-- Prompt --
Starting at the top of the data and ending with the line that holds "Product Detail - Style", transcribe each line exactly; include both ends.

[Data extracted from a collection]
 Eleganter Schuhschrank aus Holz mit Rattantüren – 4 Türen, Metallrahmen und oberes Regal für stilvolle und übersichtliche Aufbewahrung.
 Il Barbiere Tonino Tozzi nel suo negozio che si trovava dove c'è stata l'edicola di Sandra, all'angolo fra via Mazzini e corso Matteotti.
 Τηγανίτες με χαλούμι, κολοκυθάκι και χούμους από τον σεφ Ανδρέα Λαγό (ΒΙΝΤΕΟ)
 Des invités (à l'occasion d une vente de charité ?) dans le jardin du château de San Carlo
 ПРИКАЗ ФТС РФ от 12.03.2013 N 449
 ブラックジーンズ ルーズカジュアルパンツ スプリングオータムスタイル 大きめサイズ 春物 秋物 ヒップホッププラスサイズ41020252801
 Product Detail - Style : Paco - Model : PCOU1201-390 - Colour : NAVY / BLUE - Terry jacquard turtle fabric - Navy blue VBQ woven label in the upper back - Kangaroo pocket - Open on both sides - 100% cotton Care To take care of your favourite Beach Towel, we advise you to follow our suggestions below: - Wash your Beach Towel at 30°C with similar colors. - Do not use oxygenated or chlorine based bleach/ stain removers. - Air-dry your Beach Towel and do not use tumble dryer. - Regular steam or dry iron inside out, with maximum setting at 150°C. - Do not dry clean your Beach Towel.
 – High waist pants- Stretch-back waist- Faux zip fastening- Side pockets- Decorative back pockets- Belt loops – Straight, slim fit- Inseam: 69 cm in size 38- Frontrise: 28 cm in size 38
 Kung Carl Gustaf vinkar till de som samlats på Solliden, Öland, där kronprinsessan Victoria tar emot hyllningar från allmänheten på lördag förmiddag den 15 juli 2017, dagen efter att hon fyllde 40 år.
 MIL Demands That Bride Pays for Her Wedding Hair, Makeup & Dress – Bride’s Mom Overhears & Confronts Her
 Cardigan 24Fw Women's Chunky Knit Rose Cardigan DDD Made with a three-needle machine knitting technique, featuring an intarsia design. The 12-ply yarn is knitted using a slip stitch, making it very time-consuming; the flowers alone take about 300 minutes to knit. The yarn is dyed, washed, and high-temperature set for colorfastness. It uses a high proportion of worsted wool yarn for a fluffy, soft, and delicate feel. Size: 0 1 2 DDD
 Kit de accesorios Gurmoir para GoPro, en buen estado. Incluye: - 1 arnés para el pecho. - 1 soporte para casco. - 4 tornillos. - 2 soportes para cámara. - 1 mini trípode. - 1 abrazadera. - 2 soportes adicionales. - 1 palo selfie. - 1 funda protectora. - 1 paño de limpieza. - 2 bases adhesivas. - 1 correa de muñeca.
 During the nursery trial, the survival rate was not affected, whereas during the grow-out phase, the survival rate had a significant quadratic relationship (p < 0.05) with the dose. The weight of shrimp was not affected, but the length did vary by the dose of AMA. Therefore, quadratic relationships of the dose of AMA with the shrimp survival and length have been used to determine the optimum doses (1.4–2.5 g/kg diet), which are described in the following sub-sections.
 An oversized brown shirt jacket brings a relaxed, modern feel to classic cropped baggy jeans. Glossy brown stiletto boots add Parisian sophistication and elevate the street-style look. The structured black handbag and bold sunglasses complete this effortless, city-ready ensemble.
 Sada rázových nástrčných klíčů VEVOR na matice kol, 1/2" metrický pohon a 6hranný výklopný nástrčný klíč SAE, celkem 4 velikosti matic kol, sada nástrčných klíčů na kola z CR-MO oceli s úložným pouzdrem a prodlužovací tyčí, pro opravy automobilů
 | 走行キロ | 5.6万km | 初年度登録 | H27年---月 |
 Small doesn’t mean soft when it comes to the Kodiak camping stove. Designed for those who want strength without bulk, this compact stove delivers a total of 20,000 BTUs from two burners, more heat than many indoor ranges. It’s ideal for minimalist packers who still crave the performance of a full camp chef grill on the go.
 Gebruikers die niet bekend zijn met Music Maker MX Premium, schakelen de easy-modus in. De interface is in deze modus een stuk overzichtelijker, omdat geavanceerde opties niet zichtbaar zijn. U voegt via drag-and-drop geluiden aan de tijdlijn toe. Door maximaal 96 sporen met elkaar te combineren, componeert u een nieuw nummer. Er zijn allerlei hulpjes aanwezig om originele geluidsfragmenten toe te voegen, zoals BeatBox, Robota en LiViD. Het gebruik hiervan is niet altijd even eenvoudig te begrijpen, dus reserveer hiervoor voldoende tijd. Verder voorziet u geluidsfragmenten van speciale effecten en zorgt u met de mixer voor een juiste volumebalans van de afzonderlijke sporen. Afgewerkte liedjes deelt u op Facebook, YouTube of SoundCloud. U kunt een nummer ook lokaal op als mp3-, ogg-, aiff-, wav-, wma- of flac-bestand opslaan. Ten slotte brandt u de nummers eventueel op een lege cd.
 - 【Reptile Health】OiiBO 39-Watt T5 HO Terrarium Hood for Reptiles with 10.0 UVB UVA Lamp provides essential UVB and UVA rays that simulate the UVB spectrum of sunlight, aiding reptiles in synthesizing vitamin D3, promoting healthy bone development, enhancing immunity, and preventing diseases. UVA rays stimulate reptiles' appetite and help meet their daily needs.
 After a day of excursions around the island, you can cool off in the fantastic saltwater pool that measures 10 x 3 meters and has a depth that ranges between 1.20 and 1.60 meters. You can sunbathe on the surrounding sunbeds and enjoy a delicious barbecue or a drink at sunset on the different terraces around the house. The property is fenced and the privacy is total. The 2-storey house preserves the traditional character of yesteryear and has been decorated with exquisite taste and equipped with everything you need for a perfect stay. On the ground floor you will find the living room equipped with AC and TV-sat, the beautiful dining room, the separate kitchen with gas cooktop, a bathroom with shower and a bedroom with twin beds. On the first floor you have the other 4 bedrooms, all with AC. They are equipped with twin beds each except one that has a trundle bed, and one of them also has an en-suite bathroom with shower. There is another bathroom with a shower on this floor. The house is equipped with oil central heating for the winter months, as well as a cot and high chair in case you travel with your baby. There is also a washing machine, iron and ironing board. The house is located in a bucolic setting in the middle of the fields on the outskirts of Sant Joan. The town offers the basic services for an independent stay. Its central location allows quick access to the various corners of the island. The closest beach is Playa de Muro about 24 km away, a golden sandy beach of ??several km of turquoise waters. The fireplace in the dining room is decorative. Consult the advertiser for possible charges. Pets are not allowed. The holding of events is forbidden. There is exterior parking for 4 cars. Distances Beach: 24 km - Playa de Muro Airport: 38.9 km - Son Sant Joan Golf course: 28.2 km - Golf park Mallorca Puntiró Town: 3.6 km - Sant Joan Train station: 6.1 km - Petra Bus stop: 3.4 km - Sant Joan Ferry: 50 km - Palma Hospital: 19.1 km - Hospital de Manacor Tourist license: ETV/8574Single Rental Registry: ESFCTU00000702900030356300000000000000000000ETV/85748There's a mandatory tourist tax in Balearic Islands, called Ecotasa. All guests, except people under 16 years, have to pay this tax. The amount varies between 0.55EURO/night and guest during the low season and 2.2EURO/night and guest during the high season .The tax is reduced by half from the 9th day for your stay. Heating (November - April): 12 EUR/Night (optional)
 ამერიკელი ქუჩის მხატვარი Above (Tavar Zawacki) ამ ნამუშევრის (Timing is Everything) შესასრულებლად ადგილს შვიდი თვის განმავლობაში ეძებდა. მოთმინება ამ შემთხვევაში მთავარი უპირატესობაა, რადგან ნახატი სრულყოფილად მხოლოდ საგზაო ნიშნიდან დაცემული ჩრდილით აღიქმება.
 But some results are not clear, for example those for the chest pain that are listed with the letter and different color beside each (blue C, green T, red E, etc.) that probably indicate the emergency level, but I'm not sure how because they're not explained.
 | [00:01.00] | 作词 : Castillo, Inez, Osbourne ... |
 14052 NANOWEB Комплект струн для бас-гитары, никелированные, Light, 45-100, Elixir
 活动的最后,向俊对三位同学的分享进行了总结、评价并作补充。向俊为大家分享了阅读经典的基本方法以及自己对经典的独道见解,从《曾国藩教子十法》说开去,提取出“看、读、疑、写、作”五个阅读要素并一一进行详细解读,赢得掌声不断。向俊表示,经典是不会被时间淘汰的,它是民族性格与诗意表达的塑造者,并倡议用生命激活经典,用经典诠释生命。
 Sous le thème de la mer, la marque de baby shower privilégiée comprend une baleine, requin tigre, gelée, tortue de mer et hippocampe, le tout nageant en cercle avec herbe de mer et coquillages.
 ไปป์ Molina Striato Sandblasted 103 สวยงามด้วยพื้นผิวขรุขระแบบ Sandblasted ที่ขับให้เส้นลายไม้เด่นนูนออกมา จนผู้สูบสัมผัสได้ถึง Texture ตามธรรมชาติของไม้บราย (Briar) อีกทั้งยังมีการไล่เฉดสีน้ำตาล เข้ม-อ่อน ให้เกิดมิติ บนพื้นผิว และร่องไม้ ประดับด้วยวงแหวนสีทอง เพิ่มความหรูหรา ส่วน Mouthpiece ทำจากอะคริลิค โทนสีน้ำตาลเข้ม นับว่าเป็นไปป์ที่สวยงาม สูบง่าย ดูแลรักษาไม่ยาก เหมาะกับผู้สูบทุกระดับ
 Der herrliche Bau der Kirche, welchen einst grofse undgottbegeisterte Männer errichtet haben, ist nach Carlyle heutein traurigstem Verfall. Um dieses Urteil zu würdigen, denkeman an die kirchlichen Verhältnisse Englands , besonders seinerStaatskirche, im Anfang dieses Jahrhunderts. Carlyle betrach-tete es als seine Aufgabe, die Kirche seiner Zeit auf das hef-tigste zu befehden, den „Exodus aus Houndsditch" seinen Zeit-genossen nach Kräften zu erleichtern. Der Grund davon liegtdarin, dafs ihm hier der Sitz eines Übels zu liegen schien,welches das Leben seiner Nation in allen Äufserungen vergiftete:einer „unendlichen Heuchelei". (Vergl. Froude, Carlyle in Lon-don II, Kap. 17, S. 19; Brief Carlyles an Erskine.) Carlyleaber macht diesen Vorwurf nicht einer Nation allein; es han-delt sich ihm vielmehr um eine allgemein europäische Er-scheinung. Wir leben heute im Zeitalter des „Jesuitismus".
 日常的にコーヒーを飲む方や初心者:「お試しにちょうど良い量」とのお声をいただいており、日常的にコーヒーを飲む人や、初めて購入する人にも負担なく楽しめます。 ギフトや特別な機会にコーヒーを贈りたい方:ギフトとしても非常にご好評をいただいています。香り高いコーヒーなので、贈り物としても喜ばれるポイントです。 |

-- Finished task --
 Eleganter Schuhschrank aus Holz mit Rattantüren – 4 Türen, Metallrahmen und oberes Regal für stilvolle und übersichtliche Aufbewahrung.
 Il Barbiere Tonino Tozzi nel suo negozio che si trovava dove c'è stata l'edicola di Sandra, all'angolo fra via Mazzini e corso Matteotti.
 Τηγανίτες με χαλούμι, κολοκυθάκι και χούμους από τον σεφ Ανδρέα Λαγό (ΒΙΝΤΕΟ)
 Des invités (à l'occasion d une vente de charité ?) dans le jardin du château de San Carlo
 ПРИКАЗ ФТС РФ от 12.03.2013 N 449
 ブラックジーンズ ルーズカジュアルパンツ スプリングオータムスタイル 大きめサイズ 春物 秋物 ヒップホッププラスサイズ41020252801
 Product Detail - Style : Paco - Model : PCOU1201-390 - Colour : NAVY / BLUE - Terry jacquard turtle fabric - Navy blue VBQ woven label in the upper back - Kangaroo pocket - Open on both sides - 100% cotton Care To take care of your favourite Beach Towel, we advise you to follow our suggestions below: - Wash your Beach Towel at 30°C with similar colors. - Do not use oxygenated or chlorine based bleach/ stain removers. - Air-dry your Beach Towel and do not use tumble dryer. - Regular steam or dry iron inside out, with maximum setting at 150°C. - Do not dry clean your Beach Towel.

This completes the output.